- Bridgeport Hill Service Station
- U.S. National Register of Historic Places
- Location: State Highway 66 and US Highway 281 Spur, El Reno, Oklahoma
- Coordinates: 35°33′03″N 98°16′36″W﻿ / ﻿35.55083°N 98.27667°W
- Built: 1934
- Architect: Leroy Tilley
- NRHP reference No.: 03001239
- Added to NRHP: December 5, 2003

= Bridgeport Hill Service Station =

The Bridgeport Hill Service Station is a group of three buildings on Bridgeport Hill near Geary, Oklahoma. Originally constructed as a service station on U.S. Route 66, it includes a well house, an auto garage, and the gas station itself. It was listed on the National Register of Historic Places in 2003 as an example of a private business constructed to take advantage of the then-newly constructed US Highway 66.

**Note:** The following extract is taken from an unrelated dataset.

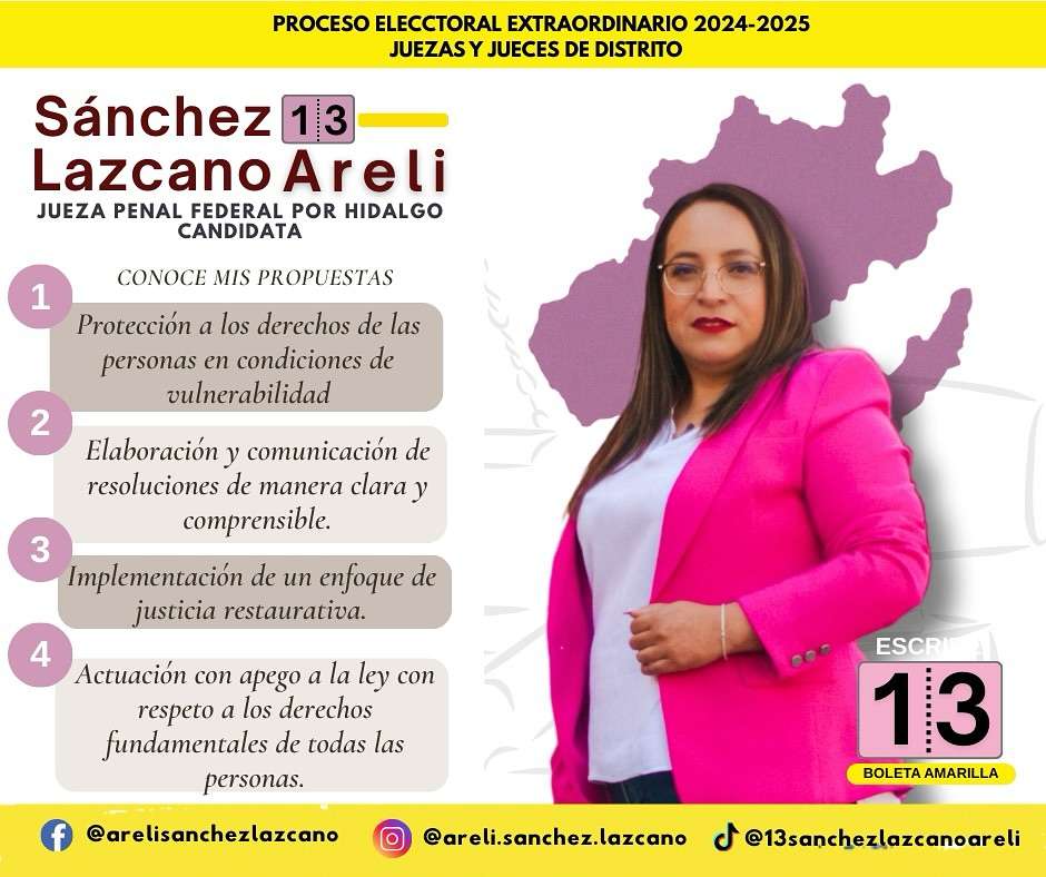 Propuesta por el Poder Ejecutivo Federal, la juez Areli Sánchez Lazcano busca el apoyo ciudadano para poder ser investida como Juez del Distrito 29 en Hidalgo en las históricas elecciones mediante las cuales, los perfiles del Poder Judicial de la Federación llegarán, por vez primera, por consenso del pueblo.

The gas station is a wooden structure with a sloped metal roof and canopy, while the service garage is a metal building on a concrete slab with windows and a single overhead door. The well house is a concrete-block building, also with a metal roof but with no windows, which contains a water well dug to a depth of 77 ft. The builder of the station, Leroy Tilley, commemorated the well with a concrete slab in front of the well house engraved with the date the well was completed and its depth.

The Tilley family operated the Bridgeport Hill station until sometime after Interstate 40 bypassed Bridgeport in 1962. Joseph Tilley, who owned the station, left it to his brother Leroy upon his death, and Leroy's widow continued to live on the property until at least 1987.